But in the context of global warming theory, I believe the largest model errors are the result of a lack of knowledge of the temperature dependent changes in clouds and precipitation efficiency (thus free-tropospheric vapor, thus water vapor “feedback”) that actually occur in response to a long-term forcing of the system from increasing carbon dioxide. I do not believe it is because the fundamental climate modeling framework is not applicable to the climate change issue. The existence of multiple modeling centers from around the world, and then performing multiple experiments with each climate model while making different assumptions, is still the best strategy to get a handle on how much future climate change there *could* be.
My main complaint is that modelers are either deceptive about, or unaware of, the uncertainties in the myriad assumptions — both explicit and implicit — that have gone into those models.
There are many ways that climate models can be faulted. I don’t believe that the current paper represents one of them.

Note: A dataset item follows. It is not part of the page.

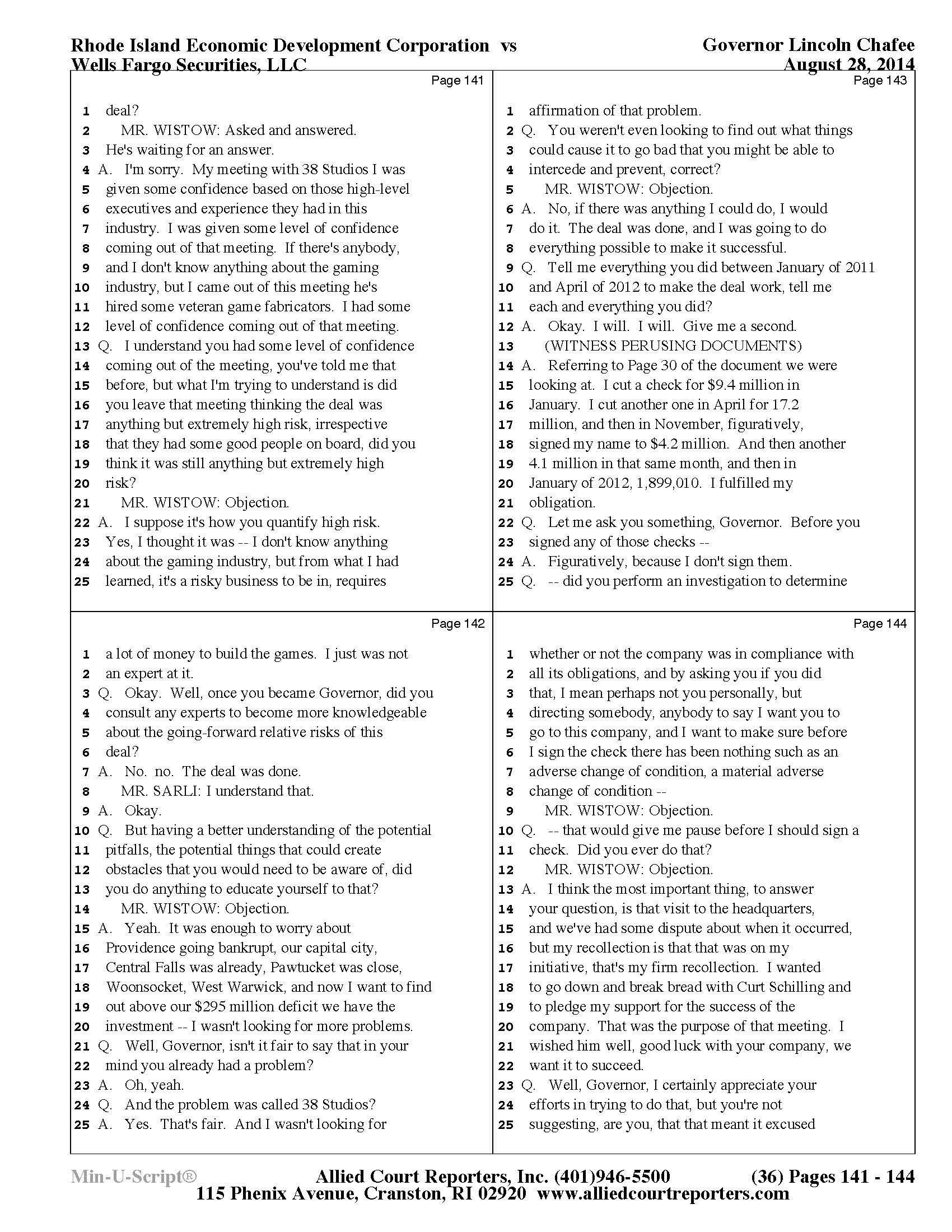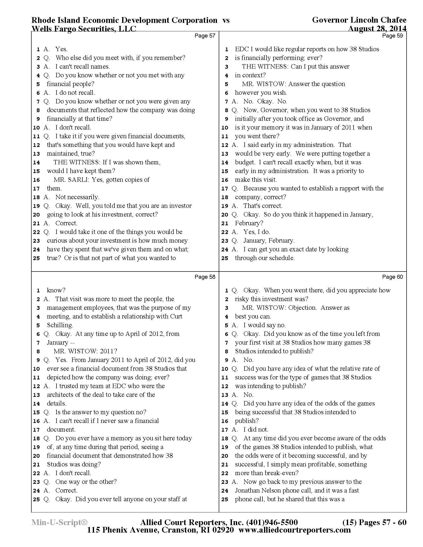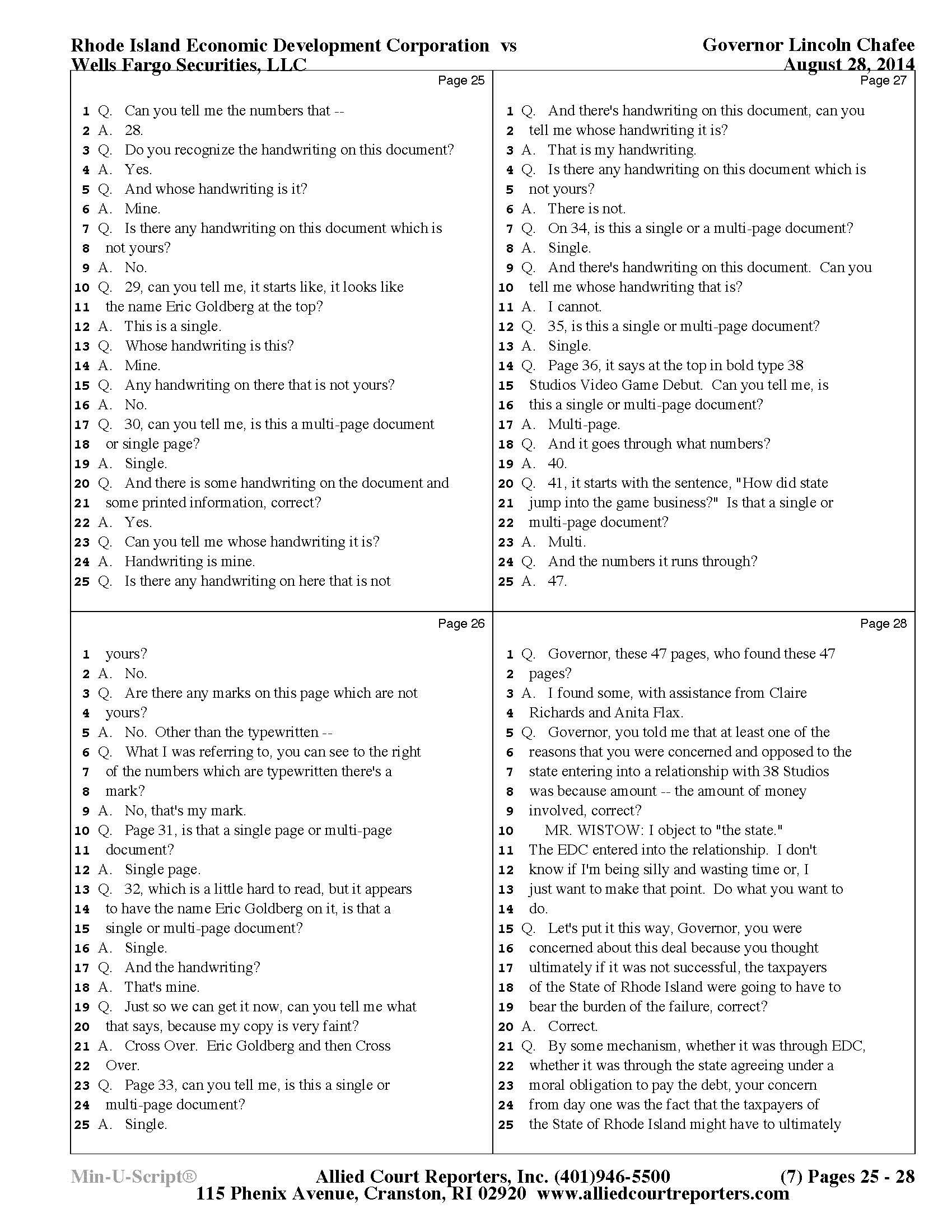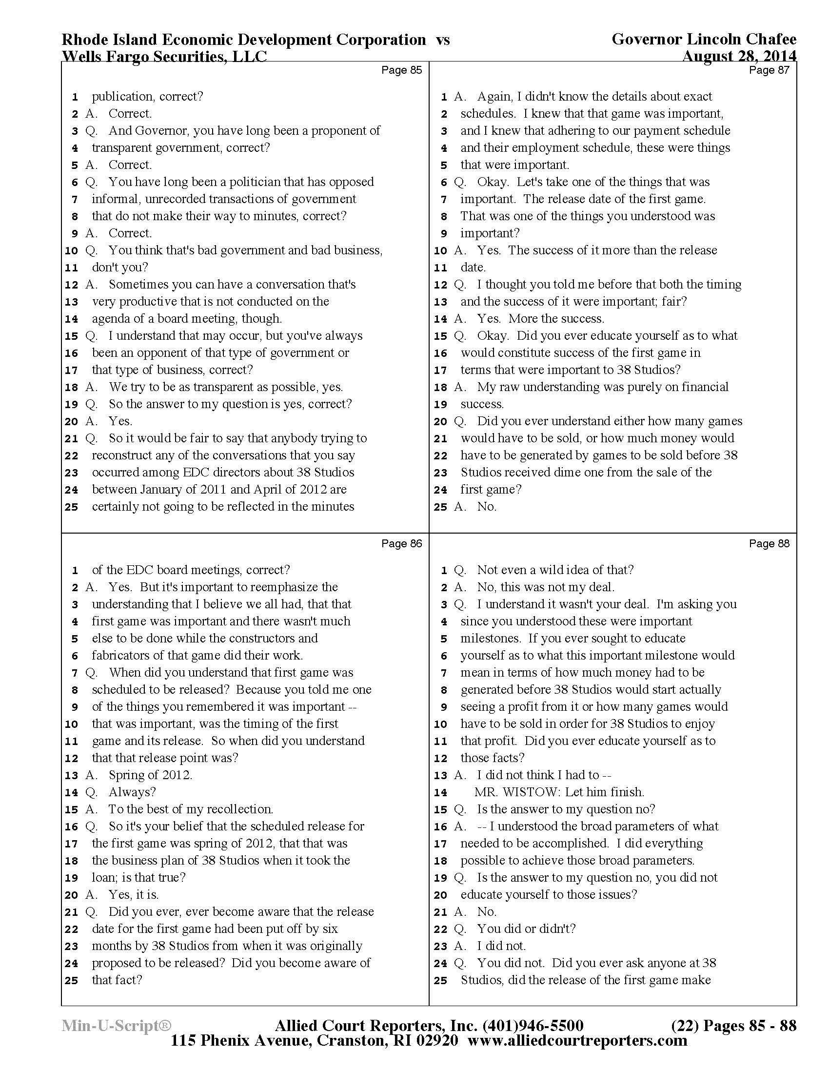 Gov. Lincoln Chafee's 38 Studios Deposition and Exhibits

I’d be glad to be proved wrong.
Roy, Pat accepts the models have been tuned to avoid radical departures, his point is the magnitude of the errors which are being swept under the carpet is evidence that the models are unphysical. Tuning doesn’t make the errors disappear, it just hides them. Agreement with past temperatures is not evidence the models are right, if the models get other things very wrong.
Eric:
A 12% variation across the model “errors” in LWCF is probably not much bigger than our uncertainty in LWCF. The measurement of cloud properties from satellite as truth is kind of uncertain: spatial resolution matters, thresholds, what the definition of “cloud” is.
So, there is uncertainty in things like LWCF, right? Well, despite that fact, 20 different models from around the world which have differing error-prone and uncertain values for all of the components impacting Earth’s radiative energy budget give about the same results, only varing in their warming rate depending on (1) climate sensitivity (“feedbacks”), and (2) rate of ocean heat storage. This suggests that their results don’t really depend upon model biases in specific processes.
That’s why they run different models with different groups in charge. To find out what a range of assumptions produce.
This is NOT where model projection uncertainty lies.
Is that not what the author was referring to, by the distinction between Precision and Accuracy; that statistical uncertainties may offset, but margins of physical error can only be cumulative?
What I got from the paper, is that regardless of what the uncertainties are, and no matter how precisely tuned the models might be, the margin of physical error is so broad, that scientifically, the models tell us… Absolutely Nothing.
when they hindcast these models…which adjusted data set do they use?…
..and are they able to run the models fast enough…before they adjust past temperatures again? 🙂
Models do not even get hindcasts right. I am unaware of any model which can reproduce the early 20th c. warming. They start too high and end too low, ie they are tuned to the average but do not represent the actual rate of warming, which is comparable to the late 20th c. warming.
Lacis et al 1992 used “basic physics” modelling to calculate volcanic forcing. The same group in Hansen et al 2005 had abandoned all attempts at physically realistic modelling and arbitrarily tuned the scaling of measured AOD to radiative forcing , the sole criterion being to tweak climate model output to fit the climate record. They jettisoned a valid parameter to gain a fudge factor.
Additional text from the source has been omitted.